コーニング (GLW)は6月22日、7.65%高の209.83ドルで引け、過去最高値に迫りました。創業175年のガラスメーカーにとって、かつてはこのような一日など考えられないことでした。しかし2026年現在では日常茶飯事となっており、同社の業績が悪いと主張する人はもはやほとんどいません。
議論は、より結論を出しにくい領域へと移っている。210ドルの水準で、2026年のコーニング株は過去12ヶ月の利益の約101倍、予想利益の62倍で取引されている。これらは市場がソフトウェア企業に割り当てる倍率であり、繊維を流し込み、ガラスを曲げるような資本集約型メーカーにはふさわしくない。 強気派は、AIの普及が同社の企業価値を恒久的に見直させたとしている。
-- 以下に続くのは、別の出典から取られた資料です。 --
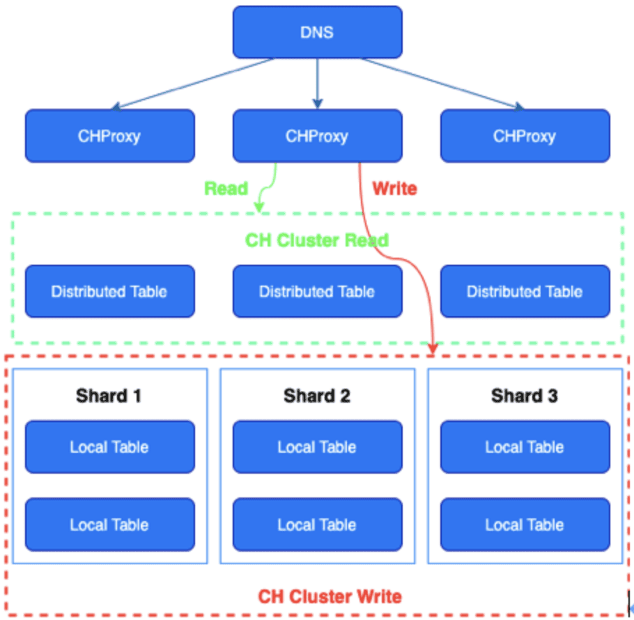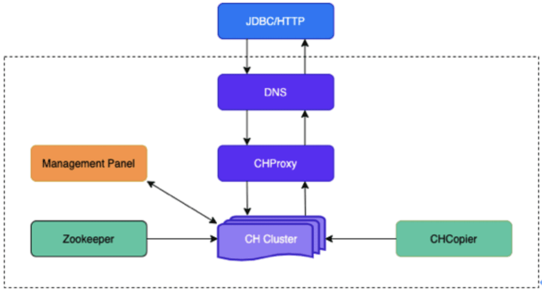 EasyOLAP部署CH集群是三层结构:域名 + CHProxy + CH节点,域名转发请求到CHProxy,再由CHProxy根据集群节点状态来转发。CHProxy的引入是为了让Query均匀分布在每个节点上,,并对CHProxy做了一定的改进,自动感知集群节点的状态变化。
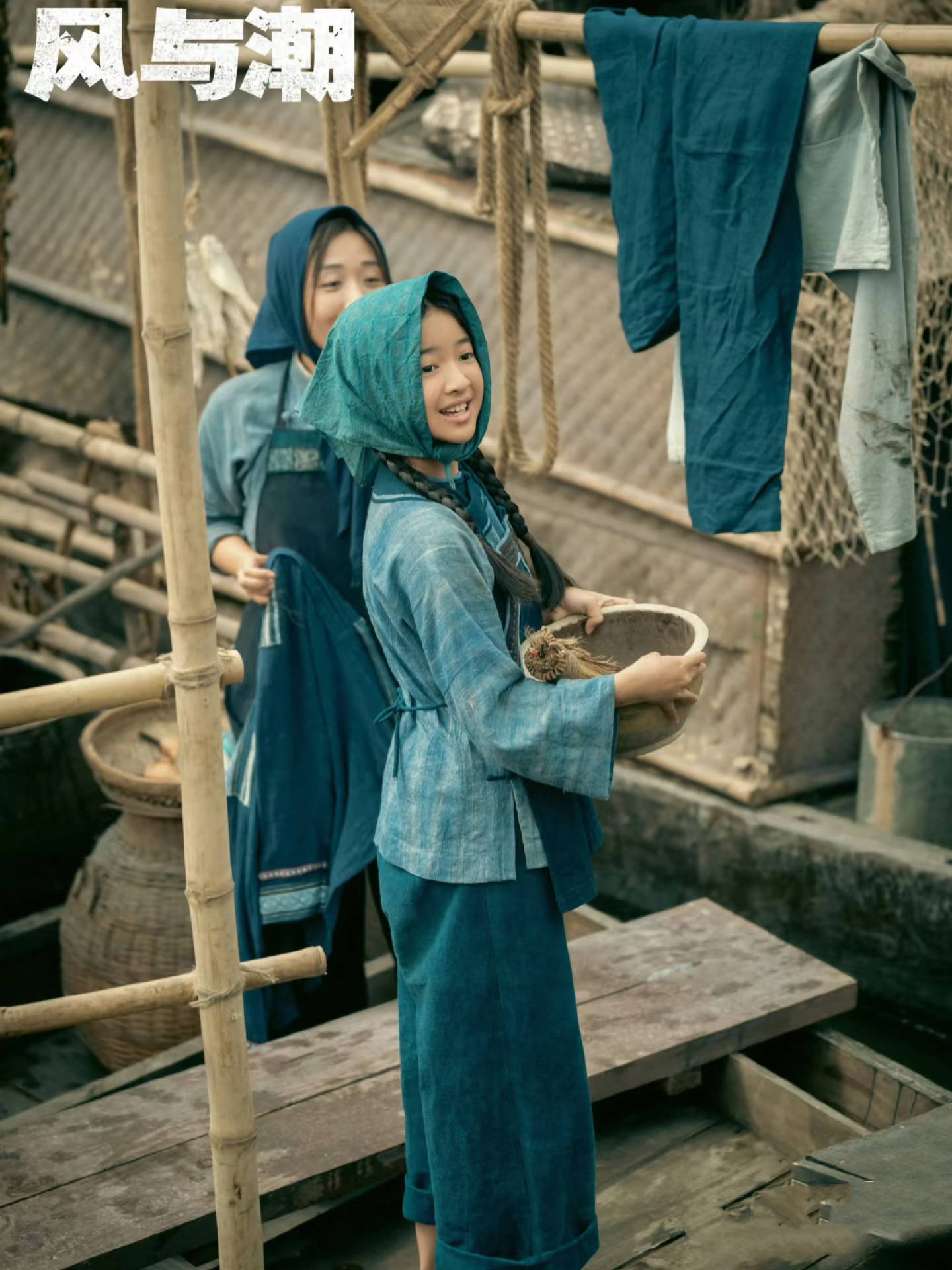 剧中的她穿一身蓝色粗布衣裳,裹着头巾、眼神里都是灵动可爱,没有任何突起感。在《风与潮》中,天天饰演的小渔赤脚踩船、眼神倔强,也得到网友的一致好评。

一方、弱気派は、素材メーカーが維持不可能な評価額を押し付けられたと主張する。問題は、コーニングが成長するかどうかではない。投資家がすでに支払っている金額を正当化できるほど、十分なスピードで成長し、その成長を十分にクリーンに現金化できるかどうかである。
この株価上昇が織り込んでいるもの
最近の株価変動の背景には、ある一つの数字がある。それは、2030年末までに売上高400億ドルを達成するという目標だ。コーニングは、この成長計画を「スプリングボード(Springboard)」と呼んでいる。これは、すでに構築した生産能力をフルに活用し、販売量の増加を利益率の向上につなげるための枠組みである。 5月の投資家向けイベントで、経営陣は売上高の達成見込み期間を、2028年までに約300億ドル、2030年までに400億ドルへと延長し、その信頼度の高い予想範囲を350億ドルから400億ドルと示した。
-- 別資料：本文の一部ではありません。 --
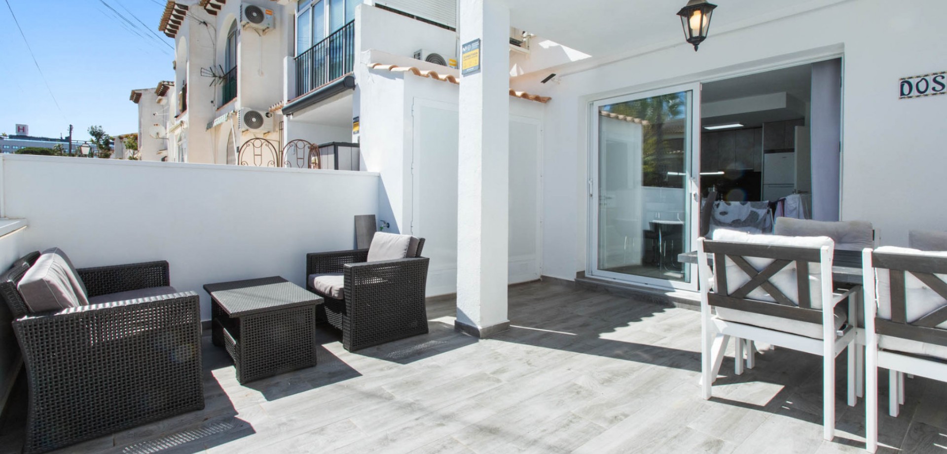 Welcome to this fully renovated and modern two-storey townhouse, located in the sought-after Lago Jardin community in Torrevieja. This beautiful and bright home offers stylish and functional living spaces that feel brand new – a perfect place for comfortable living. Cosy and Functional Spaces The entrance is through a private gated terrace, including a covered section – ideal for morning coffee or al fresco dining. On the ground floor, you’ll find a spacious living room, a modern kitchen, and a separate toilet, providing a practical layout for both everyday life and holiday enjoyment. Upstairs there are two bedrooms, each with large built-in wardrobes, and a beautifully renovated bathroom. The entire home was refurbished in 2023 with high-quality materials, evident in the fresh surfaces and stylish details. Three air heat pumps ensure a pleasant temperature all year round. Green and Friendly Lago Jardin Lago Jardin is known for its peaceful and pleasant atmosphere, as well as its fantastic communal areas. Residents enjoy vast green areas, a large pool area with a restaurant, and tennis courts. The surroundings invite you to enjoy the outdoors and the services the community offers. Excellent Location Close to Services This townhouse is perfectly located near all essential amenities: The nearest restaurant is located directly at the community’s own pool area. Mercadona supermarket is only about 650 metres away. The coastline is around 3.5 kilometres away. Torrevieja city centre and its services are approximately 6 kilometres away. Alicante Airport is about 49 kilometres from the property. This beautifully renovated and bright townhouse offers everything needed for permanent living or as a holiday home. Come and see it for yourself and fall in love with the tranquil atmosphere and fantastic facilities of Lago Jardin!
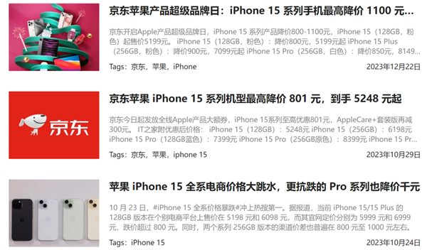 iPhone 15 系列,去年九月中旬发布,结果同年十月它就因为全系降价冲上了热搜第一,15/15 Plus 128GB 版本在电商平台降价超过 800,Pro 系列降幅更是超过千元,都说苹果保值,我看未必~
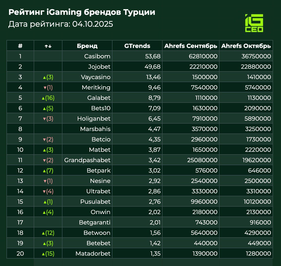 Лидерами топ-20 брендов по прежнему являются Casibom, Jojobet, однако третье место занял Vaycasino, поднявшись на три позиции, а Meritking опустился на 1 строчку.
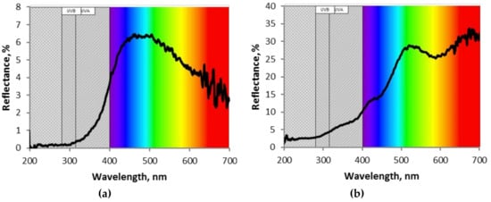 The diffuse reflectance spectra of the aerosol assisted chemical vapor deposited (a) tungsten oxide and (b) cerium oxide films without modification.

その原動力となっているのは、データセンター向けにパッシブ光学部品を販売する「オプティカル・コミュニケーションズ」部門だ。同部門の第1四半期の売上高は前年同期比36%増となり、経営陣はエンタープライズ分野の成長率がGPUの成長率の1.3~1.5倍になると見込んでいる。 クラスター規模が13万GPUを超えると、ネットワークには3つ目のスイッチング層が追加され、それに伴いコーニングのシェアも拡大する。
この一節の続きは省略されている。